Democratic presidential candidate Joe Biden, a man not unaccustomed to allegations of plagiarism, is now being accused of copying the words of former New Democratic Party leader Jack Layton.

At a speech at the Democratic National Convention on Thursday, Biden’s final address included the lines, “For love is more powerful than hate. Hope is more powerful than fear. And light is more powerful than dark.”

Social media was quick to point out that the words were eerily similar to ones found in a letter Layton wrote before he died in 2011.

“My friends, love is better than anger,” said Layton in his letter. “Hope is better than fear. Optimism is better than despair.”

Biden’s remarks were made two days before the ninth anniversary of Layton’s death.

Sophia Banks, a plant-based chef, tweeted that she was disappointed Biden copied Layton’s comments.

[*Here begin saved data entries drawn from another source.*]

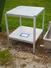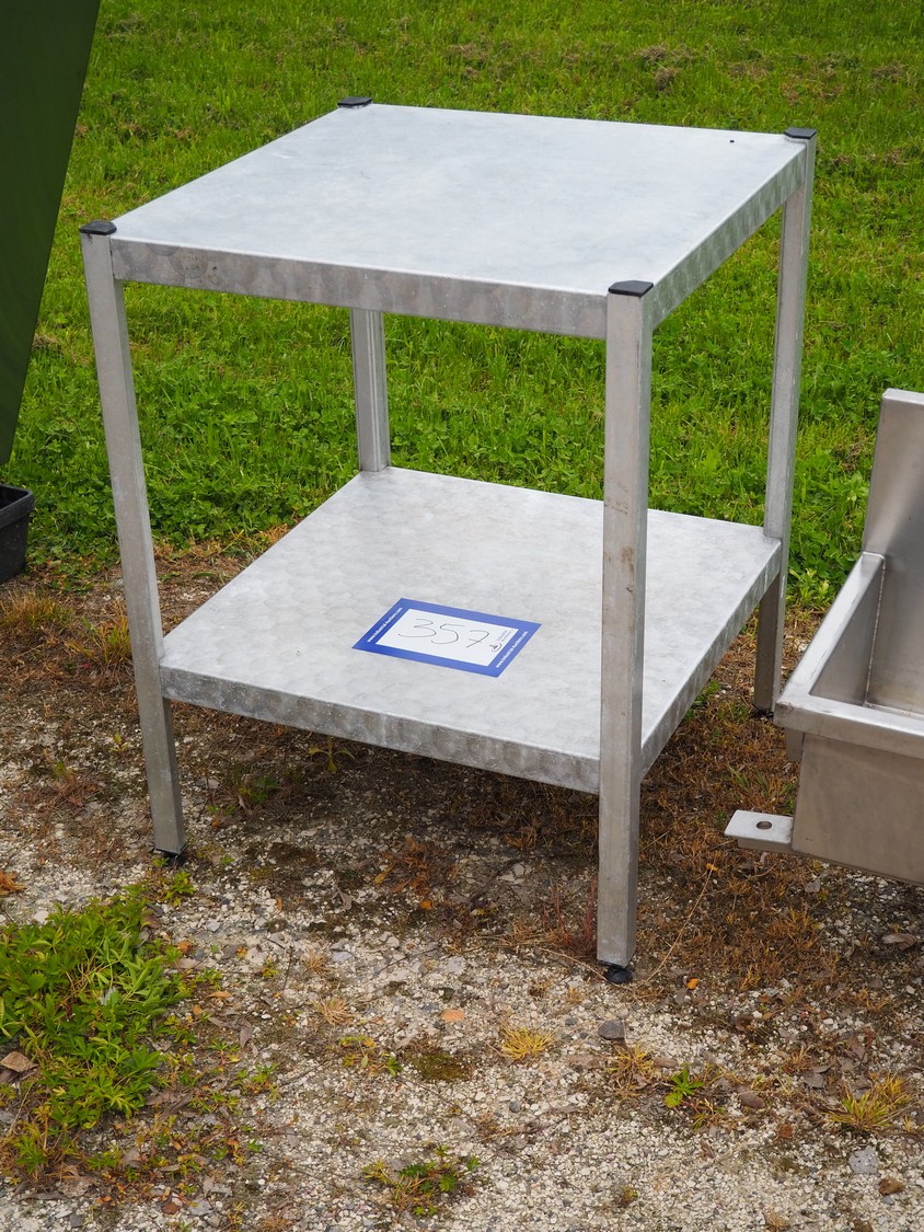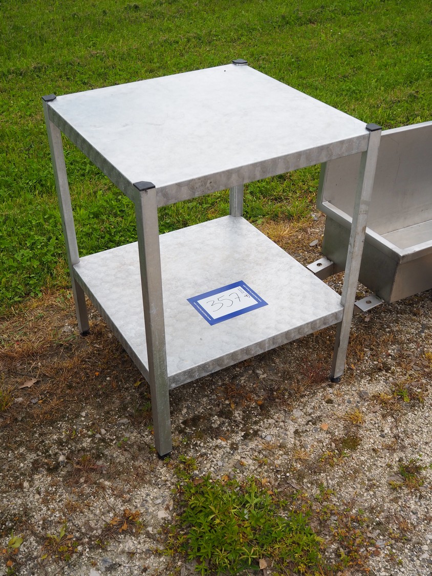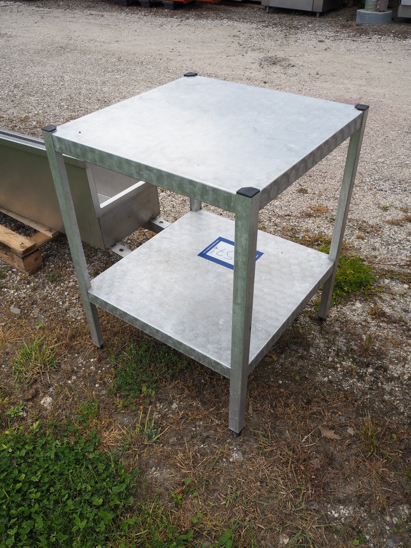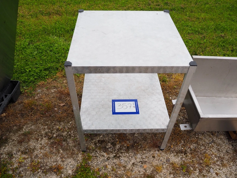 Aluminium table, dimensions: 640 mm x 640 mm x 830 mm.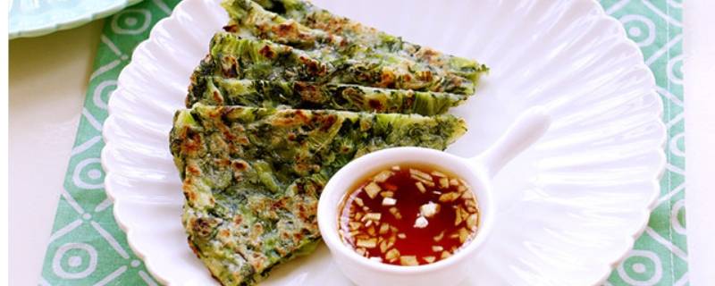 3、平底锅放少许油,用勺子舀一小勺面糊,压平压薄,小火煎,两面煎熟即可。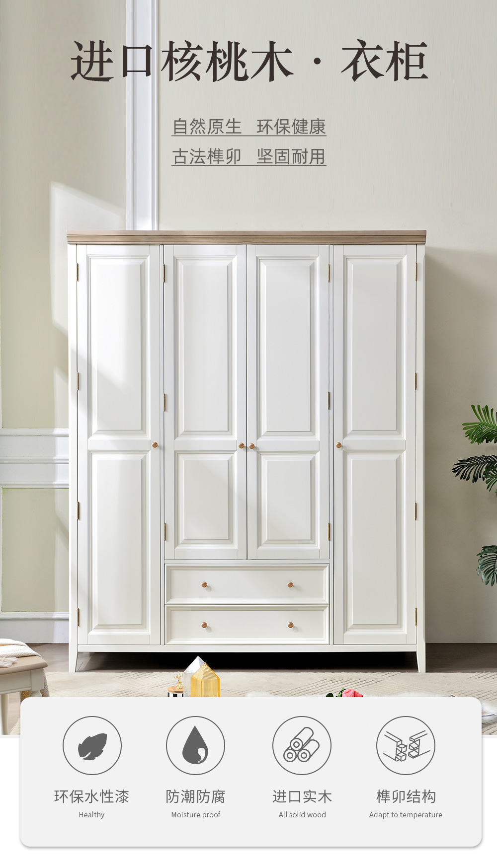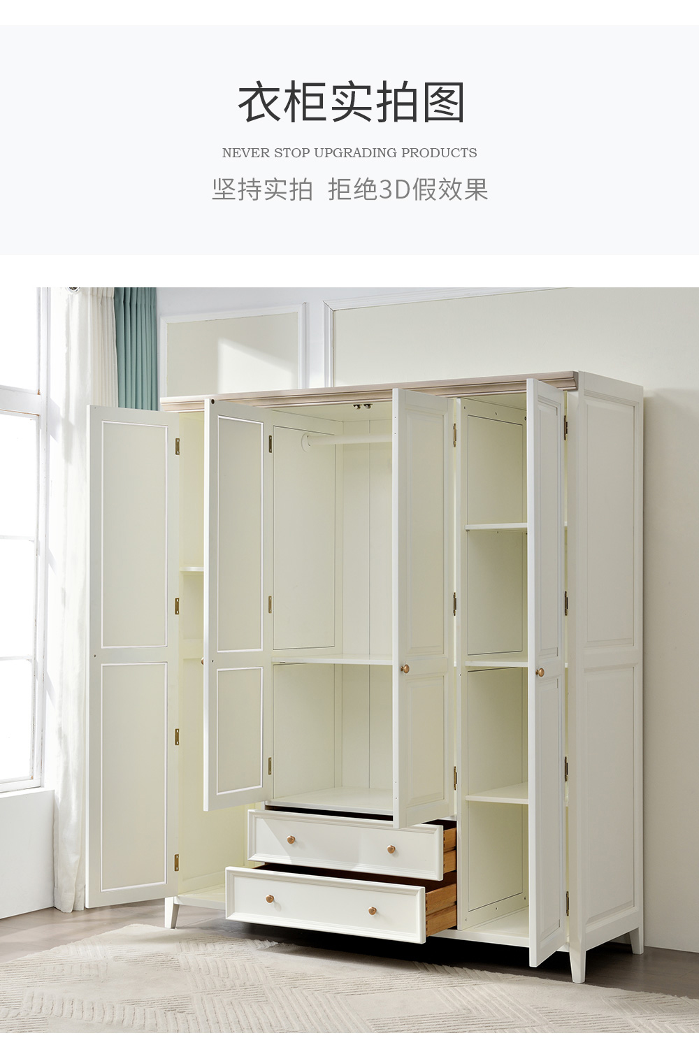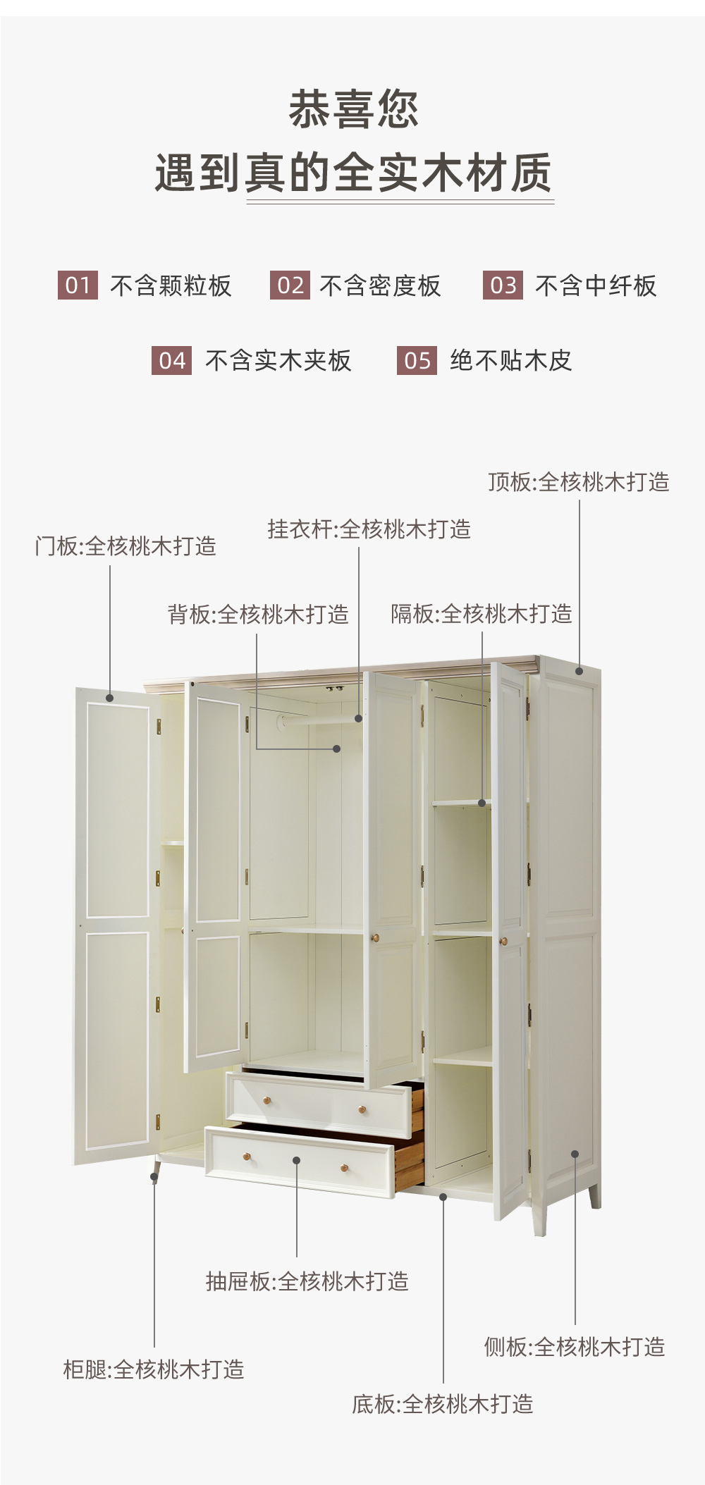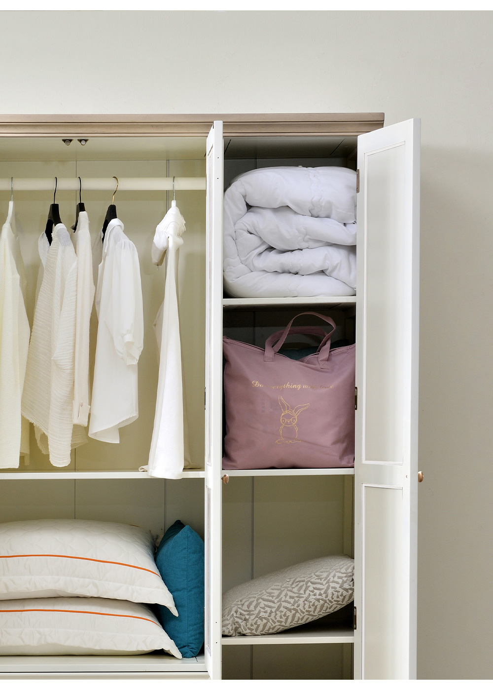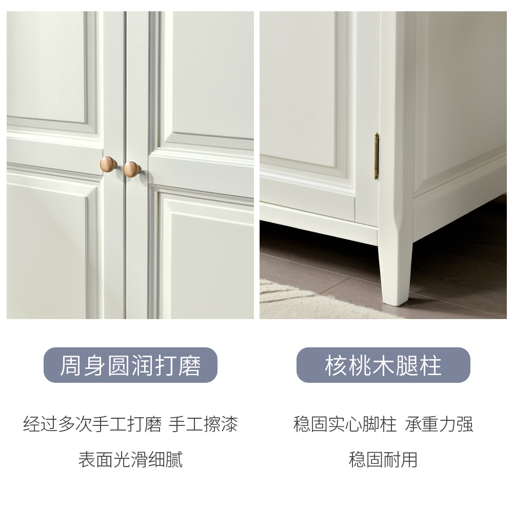 可可蛋奶白 衣柜 全实木无辅材

“Jack Layton is trending,” tweeted Banks. “One of Canada’s most beloved politicians. As Biden butchers his dying words left to us.”

· 'An ally of the light, not the darkness': Biden contrasts himself with Trump as he accepts Democratic nomination
· 'Change the world': Layton says in final letter

Sandy Hudson, an activist with Black Lives Matter, tweeted Biden’s speech reminded her of Layton.

“So very very Jack Layton,” tweeted Hudson.

However, the sentiments Layton made also channel lines from a speech former prime minister Wilfrid Laurier gave in 1916.

“Let me tell you that for the solution of these problems you have a safe guide, an unfailing light if you remember that faith is better than doubt and love is better than hate,” said Laurier.

Laurier’s speech was meant to promote unity among Canadians during World War I and build connections between English and French-Canadians.

Biden has been accused of plagiarism in the past. Most famously, he plagiarized a speech in 1987 from former British Labour Party leader Neil Kinnock.

Kinnock’s speech said, “Why am I the first Kinnock in a thousand generations to be able to get to university? Why is Glenys (his wife) the first woman in her family in a thousand generations to be able to get to university? Was it because all our predecessors were thick?”

Biden’s speech said, “I started thinking as I was coming over here, why is it that Joe Biden is the first in his family ever to go to a university? Why is it that my wife who is sitting out there in the audience is the first in her family to ever go to college? Is it because our fathers and mothers were not bright?”

The incident is believed to have harmed Biden’s chance at becoming the Democratic nominee for president in 1988.

In the past Biden has called himself a gaffe machine. He said in 2007 that then-Illinois Senator Barack Obama was “the first mainstream African-American who is articulate and bright and clean and a nice-looking guy.”

He also had to revise a comment he made in 2007 when he said he was shot at in the Green Zone during a trip to Iraq.

His 2020 presidential campaign has already been filled with missteps. He confused New Hampshire with Vermont during a campaign stop in 2019. He said in February that he was a Democratic candidate for the U.S. Senate when he was running for president.